The person who showed me this article was my friend Alli’s father – a conservative, white, middle class Catholic man – who proudly proclaims that he was there for Dr. King’s speech. He pushed the paper to me across the dining table while all together we watched the pre-inauguration concert with Beyonce and Tom Hanks on the television in their kitchen on Sunday. Knowing he voted for McCain and that we’ve got some differing views on race, abortion, homosexuality, marriage, sex, immigration, religion, and a few other things, I expected some Obama-bashing, but to my surprise there was none. “You know, I was there,” he bragged. “In that auditorium when Dr. King spoke. I’ve probably told you a billion times,” which was true, he had.

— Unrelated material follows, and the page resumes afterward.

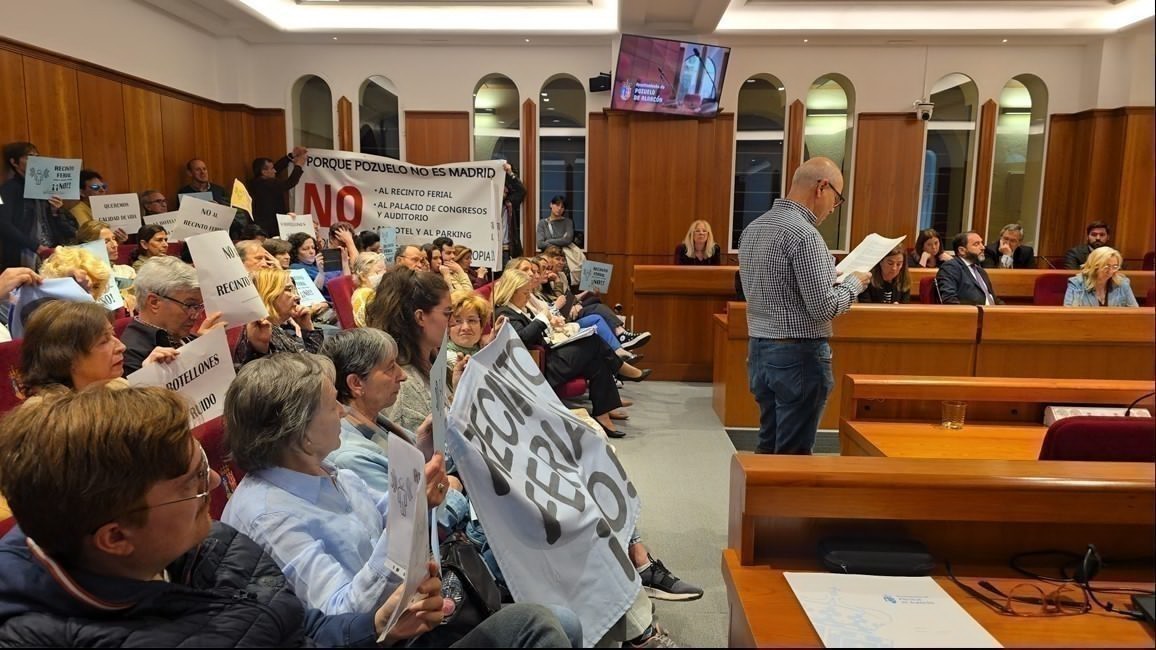 Decenas de vecinos de Pozuelo acuden hoy al pleno en el Ayuntamiento para reivindicar su rechazo al recinto ferial y al palacio de congresos.

I know he and I disagree on countless issues, but that doesn’t stop him from opening his home to me and treating me like a member of his family, and from me doing the same for him. After we watched the program, we all agreed that it was really a very nice concert. Though I don’t know whether it brought tears to everybody’s eyes (I have turned into a sucker for all that “Oh, Beautiful for Spacious Skies” stuff as of late), I felt in myself a swelling of emotion. Maybe we really can sort of start to coexist and hang out and agree and disagree and eat Chinese takeout and play Scrabble and argue about abortion and give Hanukkah gifts and Christmas gifts and at the end of the day say, “Take care, see you soon.” Maybe I’m an idealist, but I really see some major potential here.

The photo from Dr. King’s speech at South Side makes me feel proud. I know that auditorium. I know that stage. I sang “The Sun Will Come Out Tomorrow” on that stage. The fact that I maybe shared some footsteps with Dr. King makes me feel exceptionally proud of my  community for opening their minds to the words of Dr. King. I hope that Rockville Centre and the conservative parts of Long Island and all over the country will similarly open their hearts to President Obama, regardless of whether or not they agree with all his views, and let themselves be touched by our common connection to this country – which I find, despite all its flaws, is really quite a beautiful place.

I’ll probably be sobbing when I watch Obama get sworn in today (sobbing in a good way). I can’t help myself. It’s that overwhelmingly cool.